Text #9597"Titus Labienus", in .
Titus Labienus (c. 100 BCE – March 17, 45 BCE) was a professional Roman soldier in the late Roman Republic. He served as Tribune of the Plebs in 63 BCE, and is remembered as one of Julius Caesar’s lieutenants, mentioned frequently in the accounts of his military campaigns. He was the father of Quintus Labienus.
Reasoning from the fact that his praetorship was in 60 or 59 BCE, Titus Labienus most likely was born in 99 or 98 BCE. Many sources suggest that he came from the town of Cingulum in Picenum. His family was of equestrian status. He most likely had early ties with Pompey during his time as a patron for Picenum and his desire to rise in military rank. His early service was c. 78–75 BCE in Cilicia under Publius Servilius Vatia Isauricus.

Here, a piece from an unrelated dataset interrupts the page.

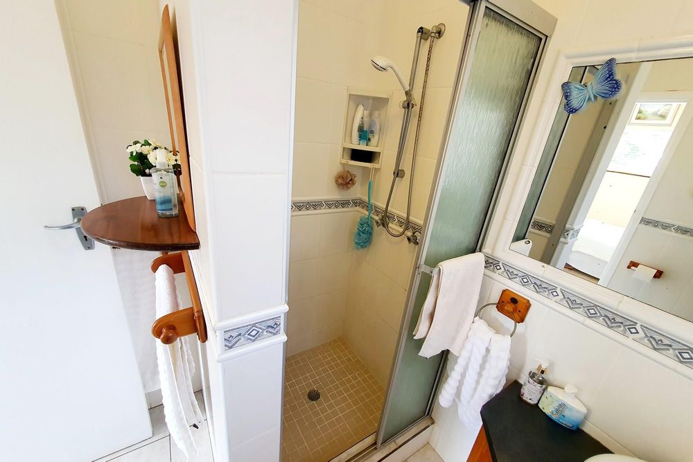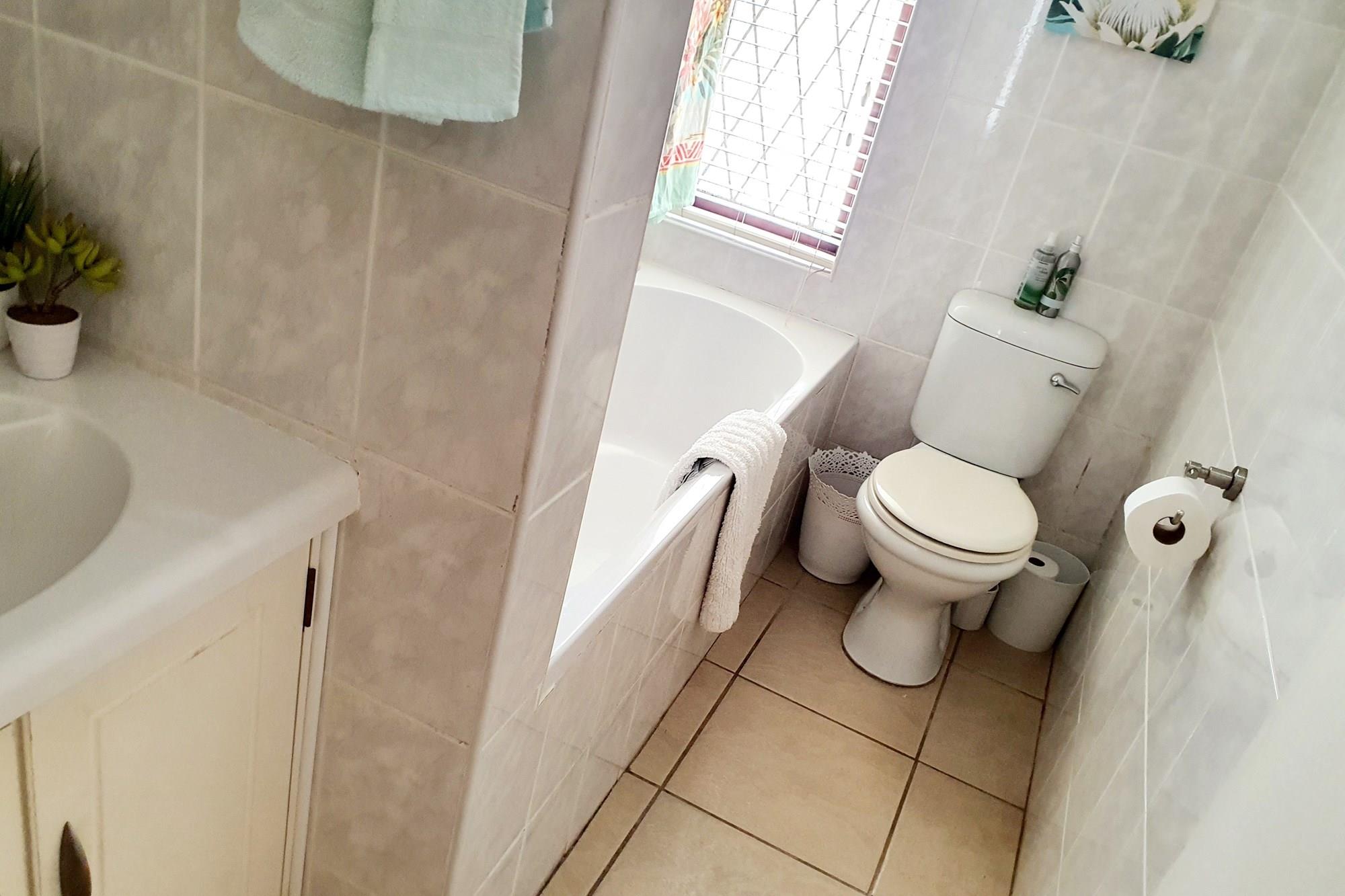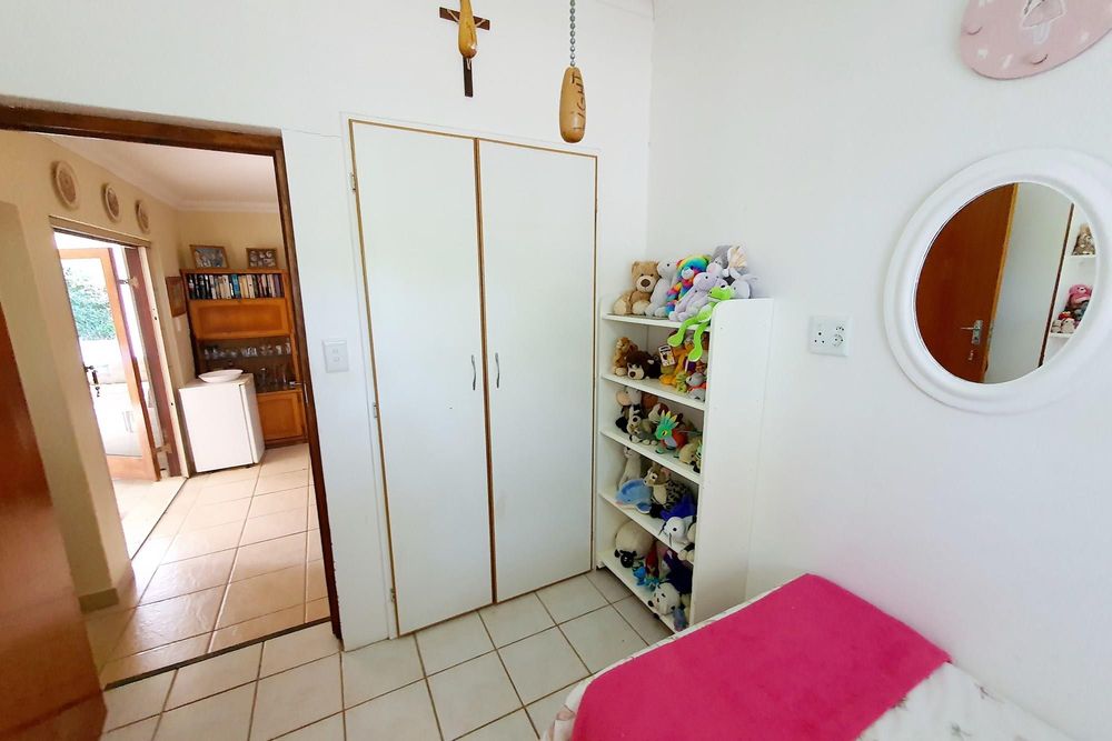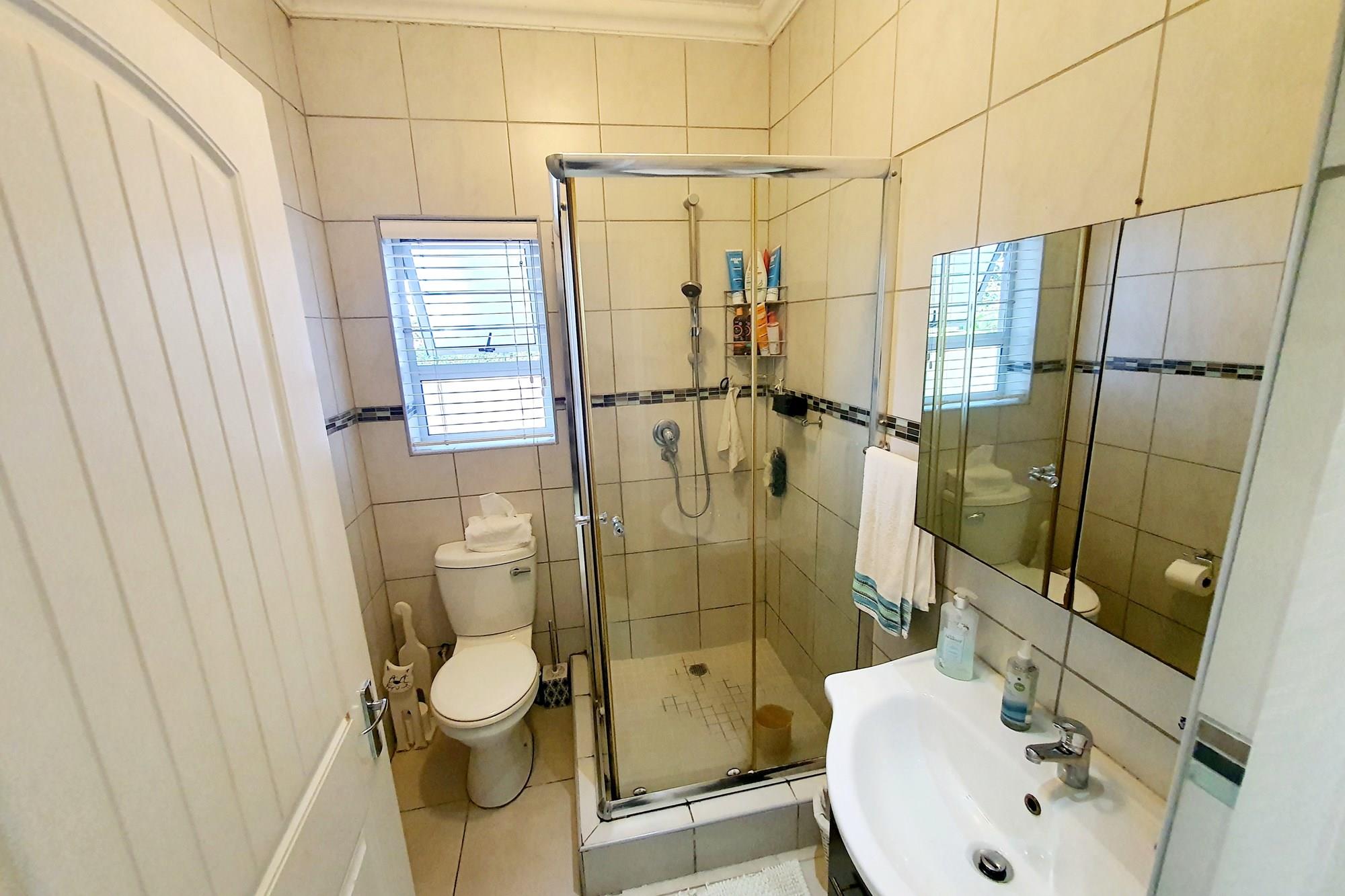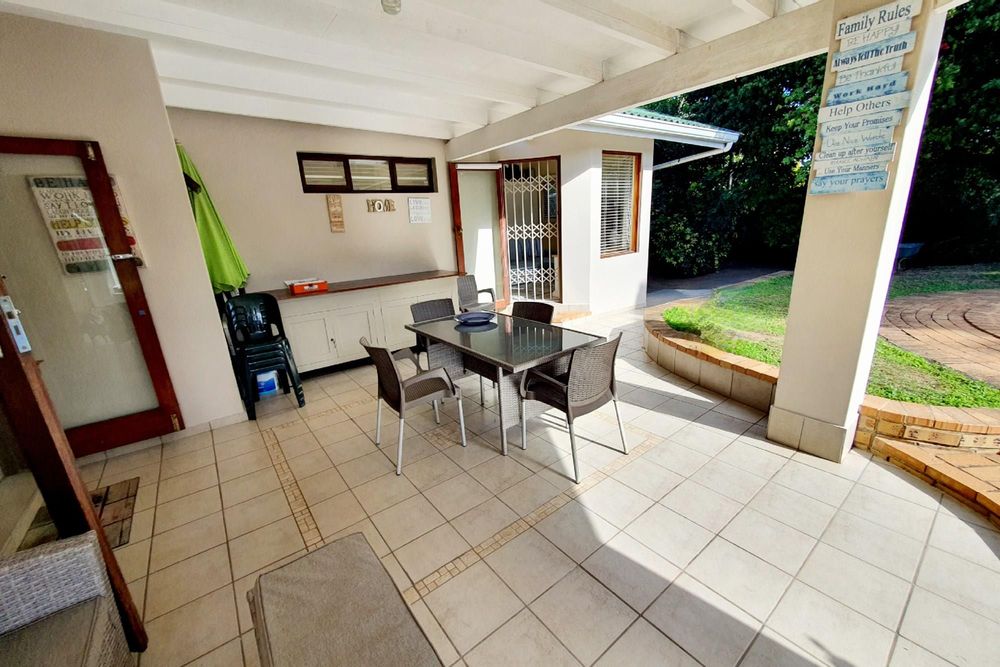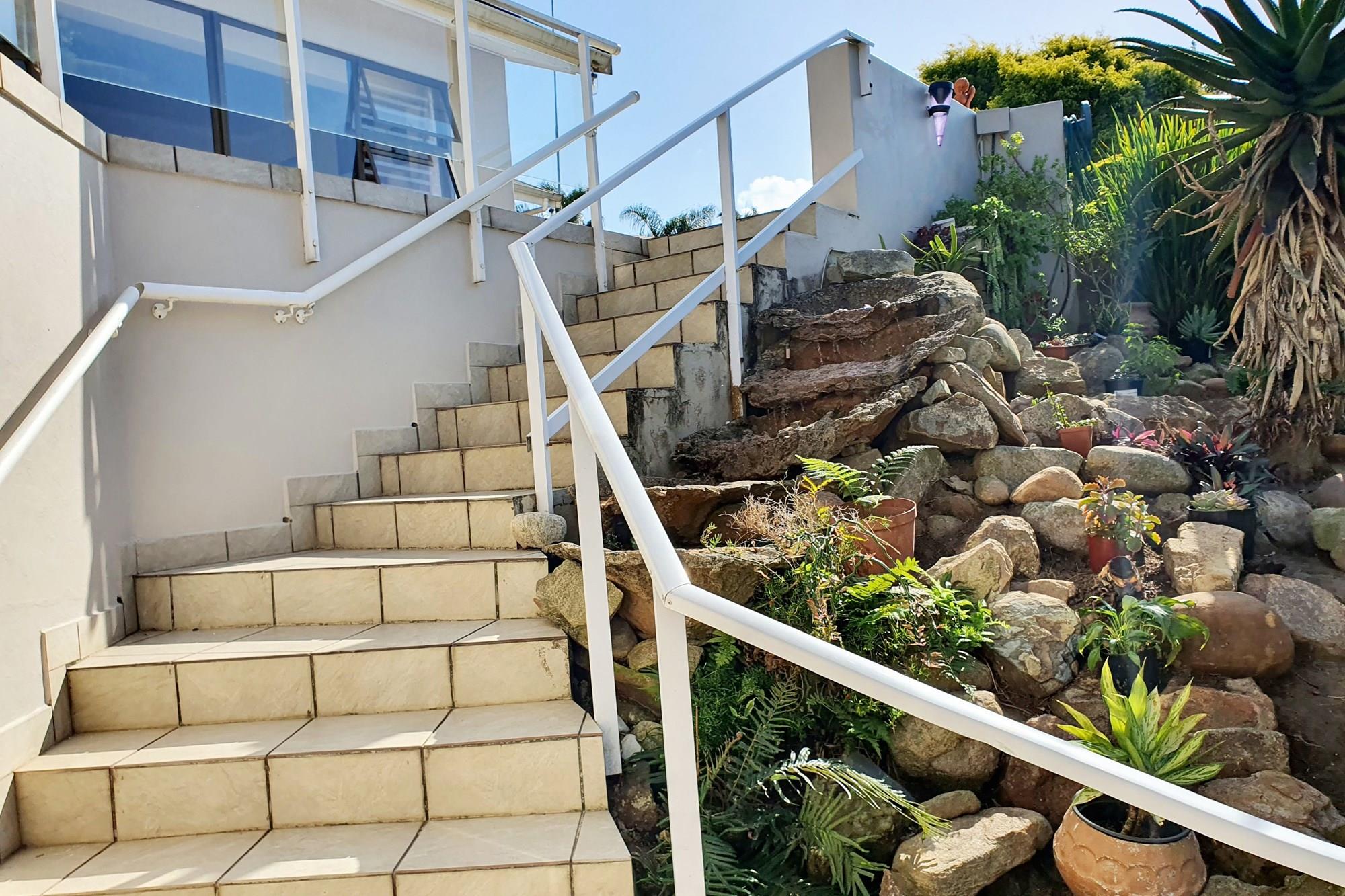 Outside, a large front patio overlooks the beautifully landscaped garden and the captivating sea vista, providing a perfect spot for relaxation. At the rear, a covered patio area adjoins a sparkling pool and braai area, offering a refreshing retreat on sunny days.

In 63 BCE, Titus Labienus was a Tribune of the Plebs with close ties to Pompey. Gaius Julius Caesar was also working closely with Pompey and therefore he and Labienus occasionally cooperated. These interactions were the seed that eventually developed into a friendship between Labienus and Caesar.
At Caesar’s instigation, Labienus accused Gaius Rabirius of high treason (perduellio) for the murder of the tribune Lucius Appuleius Saturninus and of his uncle Titus Labienus in 100 BCE. The purpose of this trial was to discredit the so-called “final decree of the Senate” (senatus consultum ultimum), an emergency measure of the senate commonly used against the Populares and the Roman assemblies. Labienus used the antiquated procedure of the duumviri, used in the early republic, against Rabirius. The procedure bypassed normal criminal law and Rabirius would be tried without defense. Since tribunes were sacrosanct, it was seen as an act against the gods to kill one. Thus punishment of the culprit was seen as more of a cleansing to appease the gods. The killing was seen as a pollution so profound that a normal criminal trial was unnecessary and immediate cleansing was necessary to avoid the wrath of the gods. The duumviri were assigned to accuse under the pretense of obvious guilt and cleanse the culprit through scourging.

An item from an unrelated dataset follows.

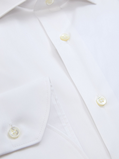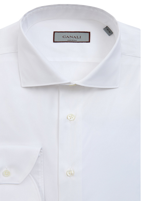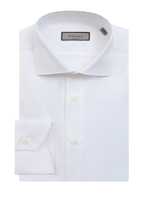 Однотонная белая рубашка от Canali выполнена из эластичного хлопкового поплина — выверенный состав ткани обеспечивает комфорт в движении. Классический силуэт идеально подходит для создания торжественных, деловых и повседневных образов. Детали: закругленный нижний край, отложной воротник, застежка на пуговицы из перламутра. Сделано в Италии.
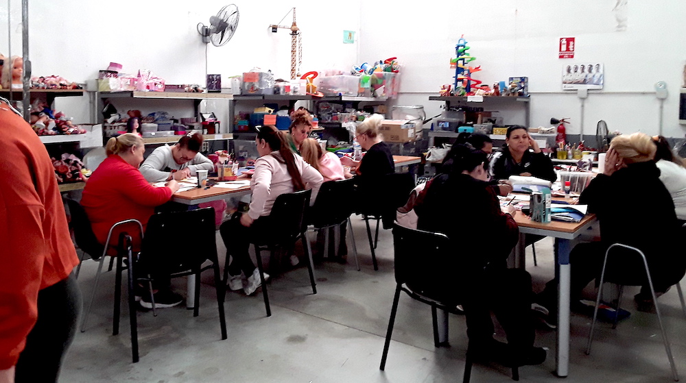 El proceso de recuperación de un juguete incluye varias fases: selección, higienización, rehabilitación, clasificación por edad, creación de lotes temáticos y empaquetado. Además, las mujeres del taller confeccionan ropa para muñecas y adaptan los juguetes para garantizar que cada lote sea especial e incluya al menos un libro.

Rabirius appealed to the Centuriate Assembly and Cicero spoke in his defense. However, before the assembly could vote, Metellus Celer used his powers as an augur to claim the sightings of bad omens and take down the flag in Janiculum. This postponed the trial. Rabirius was ultimately sentenced to exile, as he was unable to pay an unreasonable fine.

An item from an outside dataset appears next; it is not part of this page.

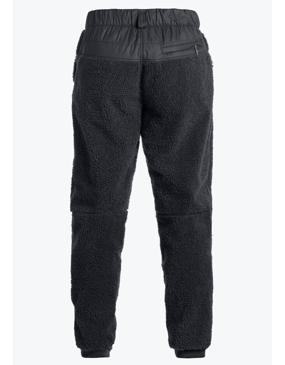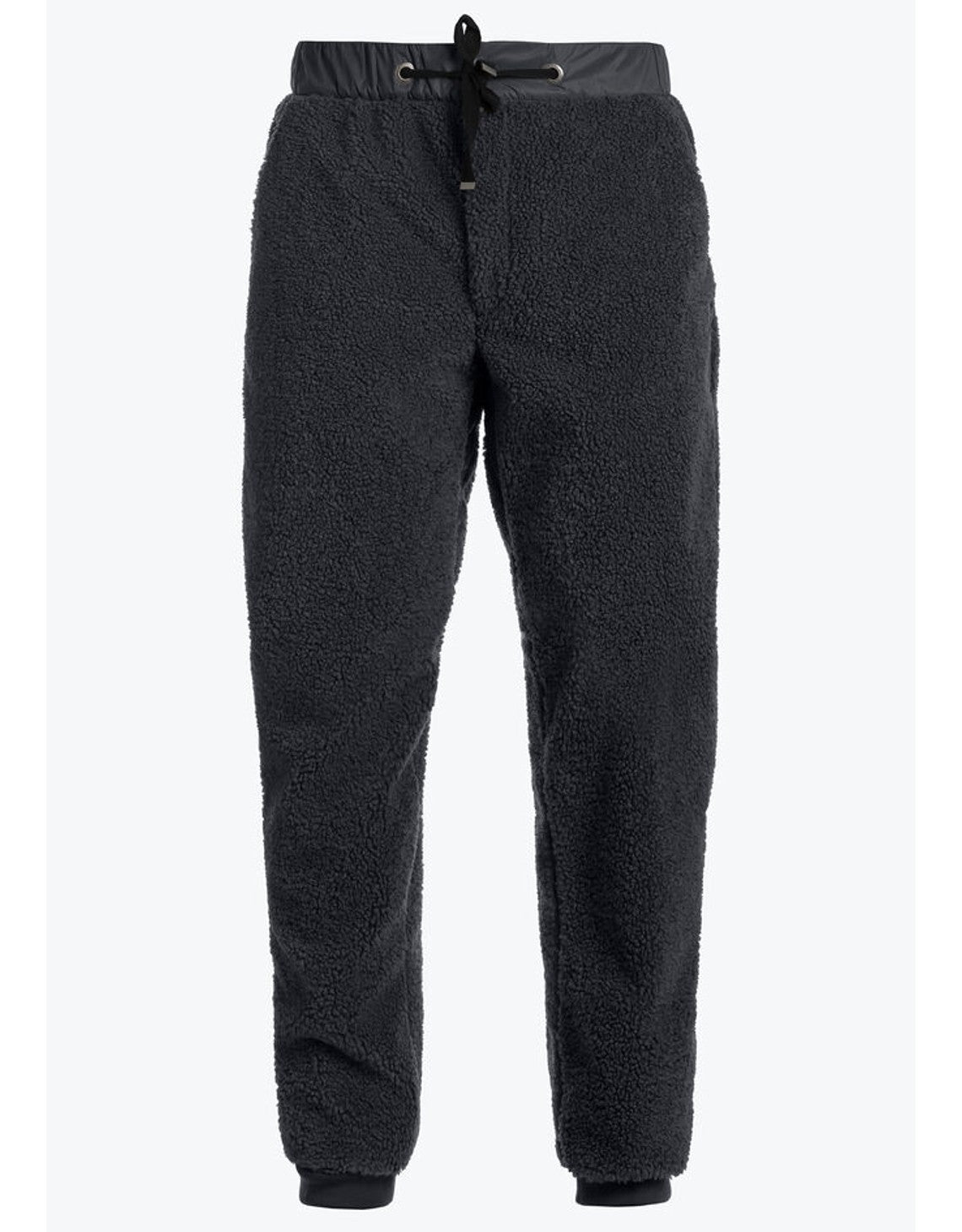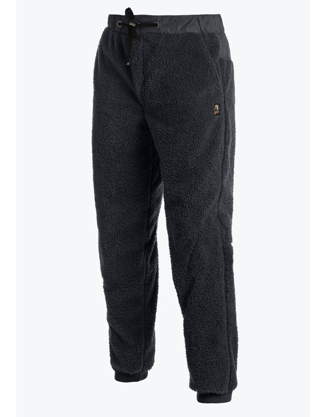 Soft sweatpants crafted in semi-dull Sherpa polyester fleece, with a second shell crafted in recycled 20 den full-dull nylon taffeta with water repellent treatment. Elasticated waist, adjustable by means of tape, front button and zipper. Rear zippered pocket, two front pockets. Ribbed ankle cuffs. Iconic PJS patch on the left side.

In the same year Labienus carried a plebiscite returning the elections of the pontifices to the people. This indirectly secured for Caesar the dignity of Pontifex Maximus, by his act of supporting Labienus in this cause (Dio Cassius xxxvii. 37).
Labienus was more a soldier than politician, and primarily used his office as a gateway to secure himself positions of high military command. After his term as tribune, Labienus served as Caesar’s legate in Gaul.
Labienus acted as Caesar’s second in command during his campaign in Gaul and was the only legate mentioned by name in Caesar’s writings about his first campaign. He was a skilled cavalry commander.
Labienus commanded the winter quarters in Vesontio in 58 BC. He also had full command of the legions in Gaul during Caesar’s absence, as his legatus pro praetore. He had this privilege when Caesar was administering justice in Cisalpine Gaul as well as during Caesar’s second campaign in Britain (in 54 BCE).
In 57 BCE, during the Belgian campaign, in a battle against the Atrebates and Nervii near Sabis, Labienus, commanding the 9th and 10th legions, defeated the opposing Atrebates force and proceeded to take the enemy camp. From there he sent the 10th Legion against the rear of the Nervii line while they were engaged with the rest of Caesar’s army, single-handedly turning the tide of battle and securing Caesar the victory.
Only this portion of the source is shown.